**WHAT YOU SHOULD DO:**
Set the data down exactly as it stands, and keep its pictures out.

**RECORDED INFORMATION:**
○ ○ ○ ○

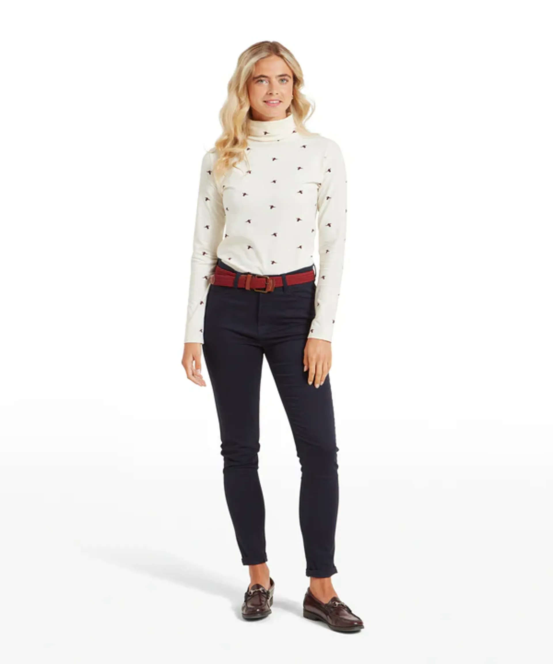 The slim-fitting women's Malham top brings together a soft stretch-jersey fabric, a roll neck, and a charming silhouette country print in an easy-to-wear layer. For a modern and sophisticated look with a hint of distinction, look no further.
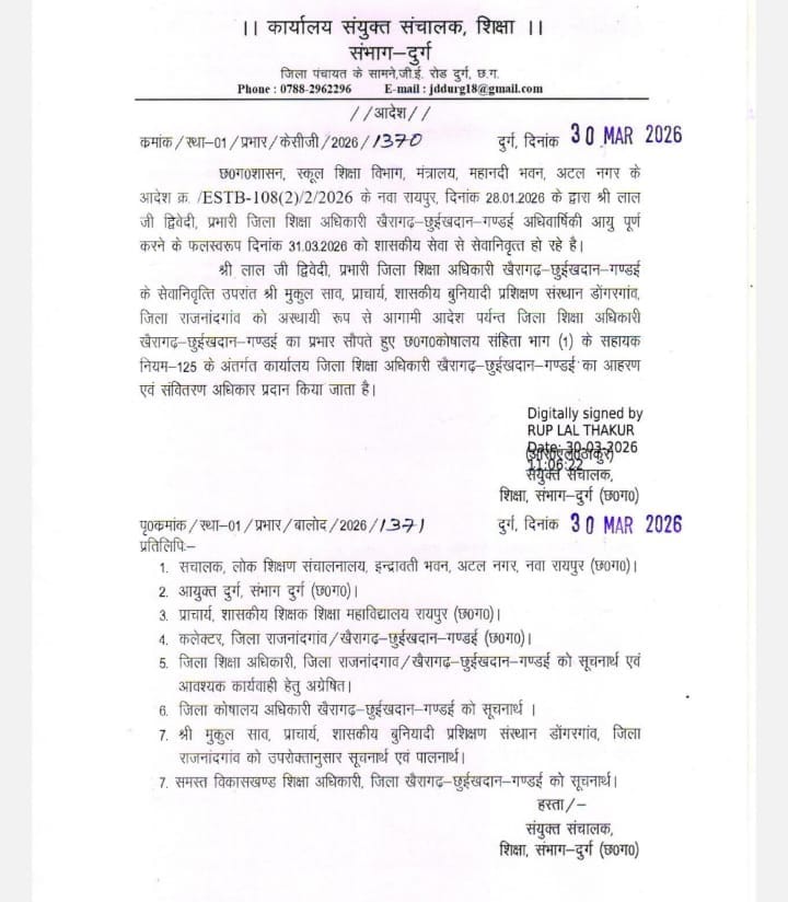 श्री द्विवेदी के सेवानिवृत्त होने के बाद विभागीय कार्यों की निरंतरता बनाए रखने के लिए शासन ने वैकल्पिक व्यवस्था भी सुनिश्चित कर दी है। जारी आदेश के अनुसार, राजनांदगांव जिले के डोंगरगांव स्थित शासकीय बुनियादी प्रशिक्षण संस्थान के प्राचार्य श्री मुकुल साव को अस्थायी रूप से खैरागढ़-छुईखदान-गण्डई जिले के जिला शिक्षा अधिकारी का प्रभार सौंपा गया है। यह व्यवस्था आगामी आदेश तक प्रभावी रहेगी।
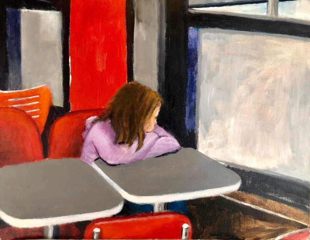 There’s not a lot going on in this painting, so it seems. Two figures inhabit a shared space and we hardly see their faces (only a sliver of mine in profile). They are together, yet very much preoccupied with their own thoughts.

○ ○ ○ ○

**RESPONSE TO THIS TASK:**
 The slim-fitting women's Malham top brings together a soft stretch-jersey fabric, a roll neck, and a charming silhouette country print in an easy-to-wear layer. For a modern and sophisticated look with a hint of distinction, look no further.
 श्री द्विवेदी के सेवानिवृत्त होने के बाद विभागीय कार्यों की निरंतरता बनाए रखने के लिए शासन ने वैकल्पिक व्यवस्था भी सुनिश्चित कर दी है। जारी आदेश के अनुसार, राजनांदगांव जिले के डोंगरगांव स्थित शासकीय बुनियादी प्रशिक्षण संस्थान के प्राचार्य श्री मुकुल साव को अस्थायी रूप से खैरागढ़-छुईखदान-गण्डई जिले के जिला शिक्षा अधिकारी का प्रभार सौंपा गया है। यह व्यवस्था आगामी आदेश तक प्रभावी रहेगी।
 There’s not a lot going on in this painting, so it seems. Two figures inhabit a shared space and we hardly see their faces (only a sliver of mine in profile). They are together, yet very much preoccupied with their own thoughts.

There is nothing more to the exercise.